Ryan: [00:49:43] Yeah, that's a good, good question. I have always been curious about business and entrepreneurial things and, and, and selling stuff, I suppose. I would say now I haven't been in business for a super long time, but I, I have been in business for a while now. and what I mean by that is, Yeah, you can take it back to like 2015 when I started at Auth0 at the same time that I was working there, I was also doing some side consulting, building applications for clients. And so since that point, I, you know, I I've been doing some side stuff. it turned into full time stuff back in 2017. I left Auth0, late 2017 to focus on, on consulting.

Then 2020, mid 2020, I realized that the consulting was good and everything like that. And I mean, I still do some of it, but it's, it's difficult when you're on your own as a consultant to be learning. And, and that's something that I really missed is that I found that my learning was really stagnating.

I learned a ton at Auth0 because I was sort of. Pushed to do so it was necessity of my job. As a, as a consultants building applications. I mean, sure. I needed to learn various things here and there, but I, I really felt that my learning had stagnated. And I think it's because I wasn't surrounded by other engineers who were doing things and learning from them and sort of being pushed to, to learn new stuff.

So yeah, an opportunity came up. With, with Prisma, who I'm now, now, working at I'm working at Prisma and it was a, it started everything kind of fell into place to make sense for it. For me. I mean, I, I don't think I would take just, just any job. It was really a great opportunity at Prisma that presented itself.

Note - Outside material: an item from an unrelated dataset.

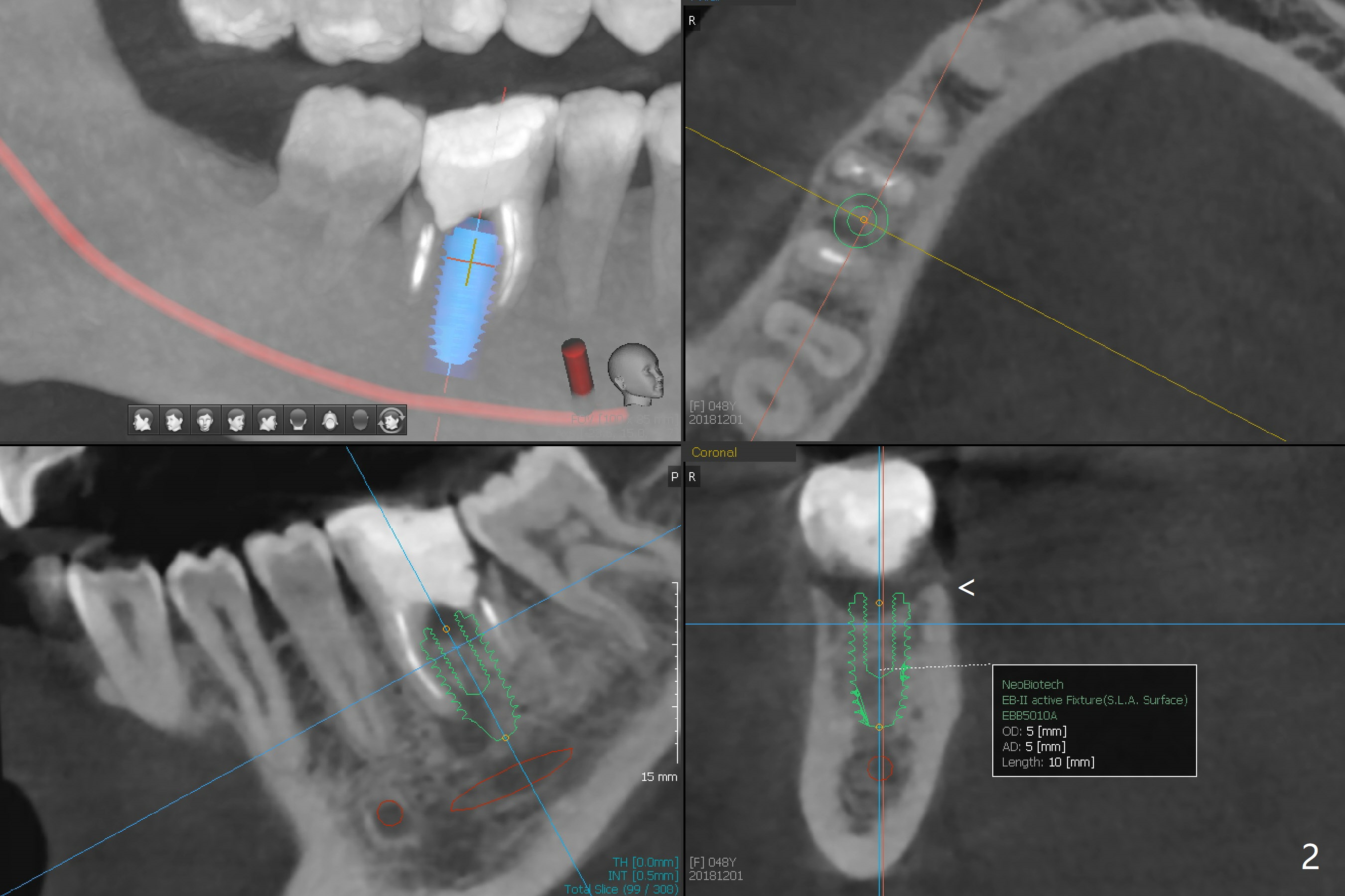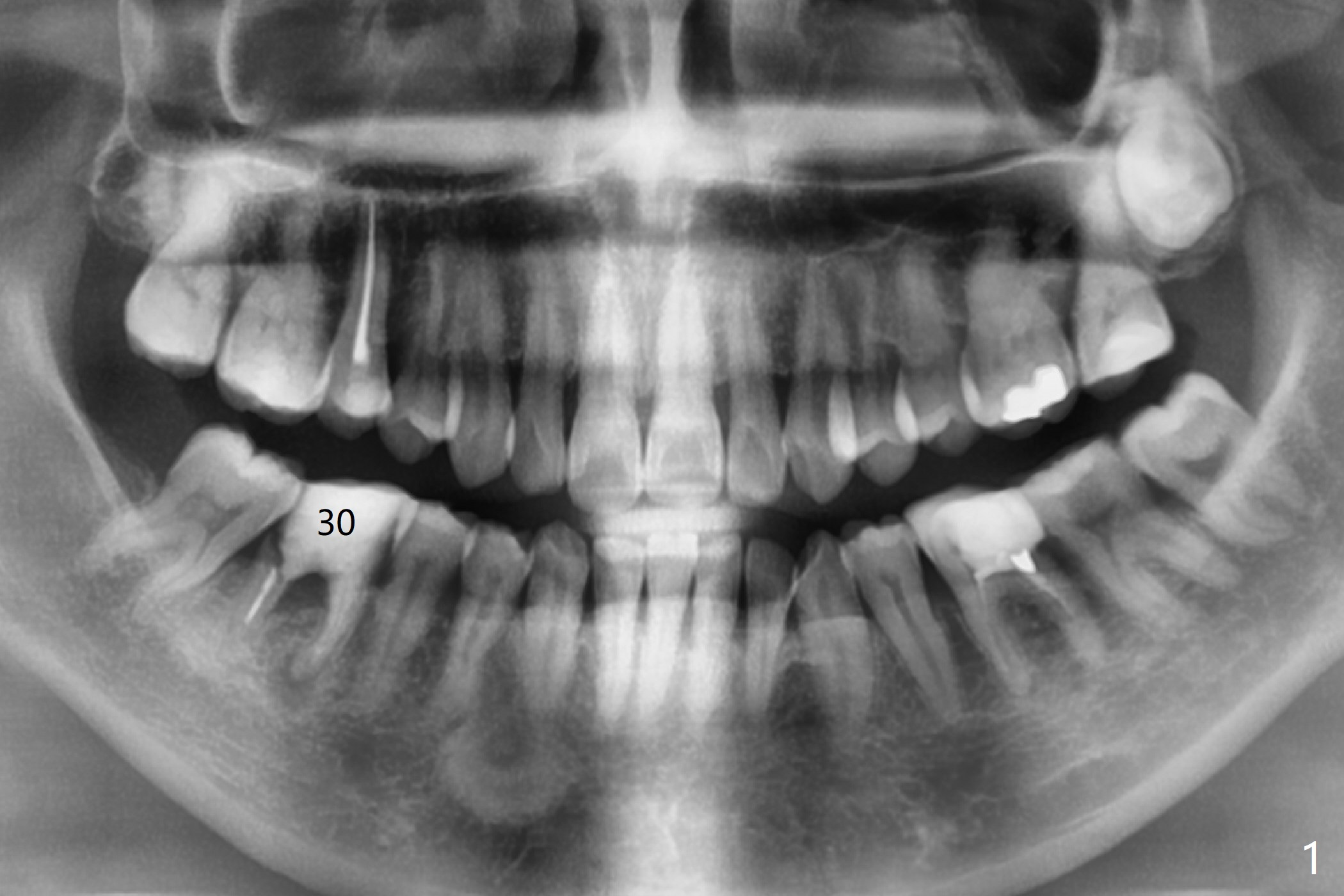 A 48-year-old woman has chewing pain at #30 with distal root fracture and a large mesial apical lesion (Fig.1). To reduce abutment screw loosening, guided surgery is planned with implant placed at the crestal level (Fig.2 <). Because of the large apical lesion, a longer implant (11.5 mm) will be placed than that Fig.2 indicates.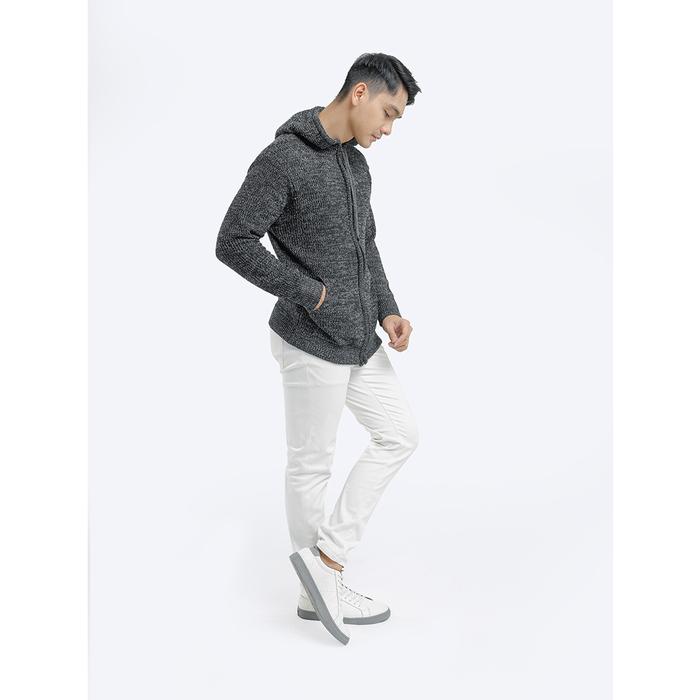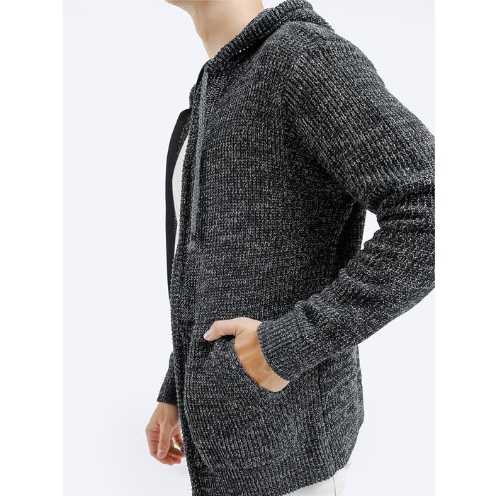 Gomuda Sweater Rajut Pria Hoodie Full Zip Knitwear Lengan Panjang Grey - Abu-Abu, Xxl

And I said, you know, I, I do miss this whole learning thing, and I do want to get some more of that. So, that's, that's probably the biggest reason that I decided to join up with a company again. So all that being said, the, the interest in like business yeah. And interest in doing product work, like a course, this react security course, or my angular book, that came out of just some kind of like, I don't know, man, like some kind of desire. I don't know when exactly it sort of sprouted, but this desire to create a product, to productize something, productize my knowledge and to create something out of that and offer it to the world and offer it, in a way where, you know, I could be, be earning some, some income from it. And you know, there there's various people I could point to that have inspired me along that journey, the, the most prominent one is probably Nathan Barry. I don't know if you're familiar with Nathan Barry. He's a CEO of convert kit and I've followed his stuff for a long time. And he was very, always very open about, his, eBooks and his products that he creates.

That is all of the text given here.